No Posts? Am i kicked out?

I posted this morning, i am going through some bad stuff, and i know my post from last week was removed, but, i was in alot of issues, husband being abusive, etc.  but now no one wants to talk to me.  I thought you guys were on here to help people, not ignore them.  I thought the Forum was supposed to help people through w/d's and bad times, well, im having a bad time............so you ignore me................i am truly hurt, this is one place i can vent, so i vented, and now no one wants to talk to me...tired of oxys, where are you girl, i need to hear from you.   Im am truly crushed............im sorry about posting that nite, but my husband was totally out of control, i need to get to that doctor for my back, and get better.   You all seem like your upset with me, whats the deal, ive seen worse posts on here, alot worse...talk to me somebody.  thanks ................a whole bunch
Best Answer
Avatar universal
There's nothing wrong with caring about him  BUT don't love him to death... you need to focus on YOU and just you for now. He is responsible for his own recovery just like you and me are. You cannot help those who don't want help, God knows I learned that with several loved ones in my life who were caught up in addiction but weren't ready to stop even though it was destroying them. They have to hit bottom before they wake up and look around them and see how their addiction has ruined them and only then will they either surrender themselves to the fact that they are in need of help and get it or they know they are at the bottom but continue on the road to destruction.

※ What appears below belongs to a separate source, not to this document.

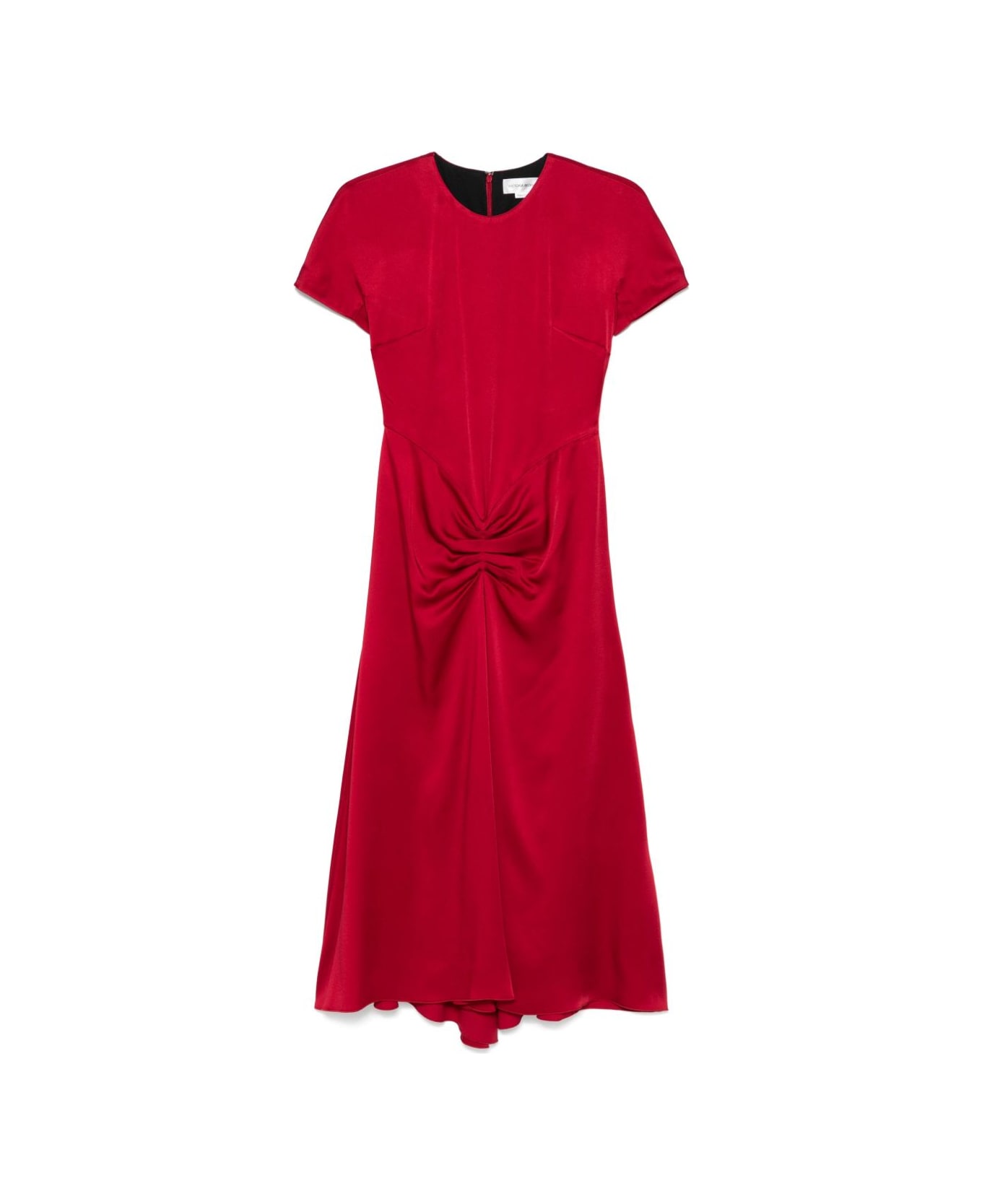 red concealed rear zip fastening crew neck short sleeves curved hem

I'm glad to hear your finally going to take a few days away and go to some meetings with your sister. I think if your comfortable you might want to share your story and get some feedback from the people there. There's a really good chance that one or more of the women have been right in your shoes and can share some insight and advice on how to go about turning your life around. Is there any way you could stay with your sister for awhile? I just hate to think of you spending even one more day in the environment your in. I know how bad you WANT him to care. I remember crying and thinking how the hell can you treat me like this? Why don't you love me enough to stop? And those thoughts would fuel my own depression and make me feel worse about myself. A vicious cycle for sure. Thing is it has nothing to do with you. I know that sounds wrong but this is a problem HE has with himself that he projects onto you. He takes all that self hate, loathing, guilt and sorrow and turns it on you and you internalize every bit of it. It makes him feel better to lash out and blame everyone else then to have to face the truth about himself. You cannot move forward in recovery or in life while tied to a situation thats destroying you in every way. See if you can stay at your sisters and go to meetings with her and get help. Nothing changes if nothing changes, you need to be the one to shake things up and take control of your recovery. Yes it's frightening and I know how hard it is to admit that it's done but I promise that by leaving you will open many doors for yourself. Staying in a toxic relationship will just slowly destroy you. I pray you get out of there asap.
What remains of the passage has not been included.